You are viewing a plain text version of this content. The canonical link for it is here.

Posted to dev@spark.apache.org by prakhar jauhari <pr...@gmail.com> on 2015/10/19 09:51:21 UTC

Spark driver reducing total executors count even when Dynamic Allocation is disabled.

Hey all,

Thanks in advance. I ran into a situation where spark driver reduced the
total executors count for my job even with dynamic allocation disabled, and
caused the job to hang for ever.

Setup:
Spark-1.3.1 on hadoop-yarn-2.4.0 cluster.
All servers in cluster running Linux version 2.6.32.
Job in yarn-client mode.

Scenario:
1. Application running with required number of executors.
2. One of the DN's losses connectivity and is timed out.
2. Spark issues a killExecutor for the executor on the DN which was timed
out.
3. Even with dynamic allocation off, spark's driver reduces the
"targetNumExecutors".

On analysing the code (Spark 1.3.1):

When my DN goes unreachable:

Spark core's HeartbeatReceiver invokes expireDeadHosts(): which checks if
Dynamic Allocation is supported and then invokes "sc.killExecutor()"

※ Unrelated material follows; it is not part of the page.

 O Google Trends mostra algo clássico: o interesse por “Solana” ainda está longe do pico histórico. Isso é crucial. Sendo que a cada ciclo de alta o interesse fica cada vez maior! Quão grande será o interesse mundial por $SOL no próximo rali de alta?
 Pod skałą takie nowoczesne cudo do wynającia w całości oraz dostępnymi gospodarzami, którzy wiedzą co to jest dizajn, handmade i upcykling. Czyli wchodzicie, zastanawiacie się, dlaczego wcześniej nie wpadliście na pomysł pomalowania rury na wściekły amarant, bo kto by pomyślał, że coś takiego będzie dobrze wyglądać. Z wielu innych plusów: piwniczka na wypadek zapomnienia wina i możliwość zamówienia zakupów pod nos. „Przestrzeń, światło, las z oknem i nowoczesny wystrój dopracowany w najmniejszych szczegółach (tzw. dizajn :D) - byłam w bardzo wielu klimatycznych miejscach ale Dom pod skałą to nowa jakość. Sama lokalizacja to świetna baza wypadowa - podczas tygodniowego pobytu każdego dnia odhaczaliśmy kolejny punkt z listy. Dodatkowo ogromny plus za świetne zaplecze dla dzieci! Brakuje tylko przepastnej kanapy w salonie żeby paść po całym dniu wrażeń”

/if (sc.supportDynamicAllocation) {
sc.killExecutor(executorId)
}/

Surprisingly supportDynamicAllocation in sparkContext.scala is defined as,
resulting "True" if dynamicAllocationTesting flag is enabled or spark is
running over "yarn".

/private[spark] def supportDynamicAllocation =
master.contains("yarn") || dynamicAllocationTesting /

"sc.killExecutor()" matches it to configured "schedulerBackend"
(CoarseGrainedSchedulerBackend in this case) and invokes
"killExecutors(executorIds)"

CoarseGrainedSchedulerBackend calculates a "newTotal" for the total number
of executors required, and sends a update to application master by invoking
"doRequestTotalExecutors(newTotal)"

CoarseGrainedSchedulerBackend then invokes a
"doKillExecutors(filteredExecutorIds)" for the lost executors.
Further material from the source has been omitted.